Their forward 2022 P/S is about 45 at current pricing. On the high end, but their price-to-book value at current pricing is actually directly in line with huge established companies like TSLA and NVDA. From a value perspective compared to those, NET is growing 50% YoY with no stop in sight - the CEO has repeatedly indicated they have ZERO intent on generating positive cash flow for the next several years because every penny is getting reinvested into growth opportunities. From that perspective, does P/S matter? I honestly don’t know because it’s entirely dependent on when growth caps out. Many people cannot understand exponential growth, but at 50% YoY if you give them to 2025 that’s an annual revenue of $3B. Just 3 years, and revenue topping $3B. Give them to 2030 and that’s >$15B in annual revenue. Even with a P/S of 15 at 2025 that point is a cap of $45B, or pps of ~$120. At 2030 that’s a cap of $225B, or pps of $620. I’d argue a P/S of 15 would be unreasonable for a company operating at 50% YoY growth into the billions in revenue, and thus todays prices in my view are a bargain if investing for long term and you believe their growth can sustain, which I do.
I’m not an expert on interest rates in terms of how significantly a rising rate environment can push down P/S ratios for growth companies, but it’s also not likely we see rates go insane - we are talking about a rise off of historic lows.
If you look to competitors like AKAM, they have about $3B in revenue, cap of $20B. Half the cap of NET, but triple the revenue. Looking closer, AKAM focuses exclusively on large customers and in fact they only have 50,000 of them. Revenue growth is consequently quite small. NET on the other hand has millions of free and paying users and growing at 70% YoY for large paying customers. This is where they have a “Facebook” model of growth that is anchored in network effects which I suggest googling to truly see what cloudflare is doing.
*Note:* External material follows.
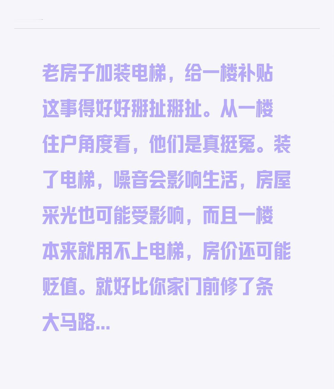 从一楼住户角度看,他们是真挺冤。装了电梯,噪音会影响生活,房屋采光也可能受影响,而且一楼本来就用不上电梯,房价还可能贬值。就好比你家门前修了条大马路,噪音大还不安全,你能乐意不?

Network Effects are essentially what makes a platform sticky? Grow your user base through free users, use them to rapidly iterate and test new tech before deploying to paying customers, and offer everyone something that they simply cannot get elsewhere. If you amass such a following, you become essential to functioning. Think about it this way - one person with a fax machine makes fax machines useless, even if that fax machine company sold it for $10B, the product/service doesn’t have a strong utility. However, 100 people with an internal corporate landline can be efficient in communication with each other. Not as efficient as a country with 300M cell phones, and not as efficient still as 7B with internet access. Power in numbers, where every additional user not only receives benefit themselves, but the whole network benefits AND those not in the network are incrementally motivated to join that network. That’s how FB took off, and THAT is why cloudflare is valued so strongly compared to peers - currently, 80% of all websites that use a CDN use cloudflare. It’s no surprise that cybersecurity is becoming increasingly important and that pull to cloudflare should continue. This, in combination with the continual agile value-adds they provide that compete directly with players like AWS, cloudflare is a winner long term.
All that to say, I am holding, and buying with eyes on 2030.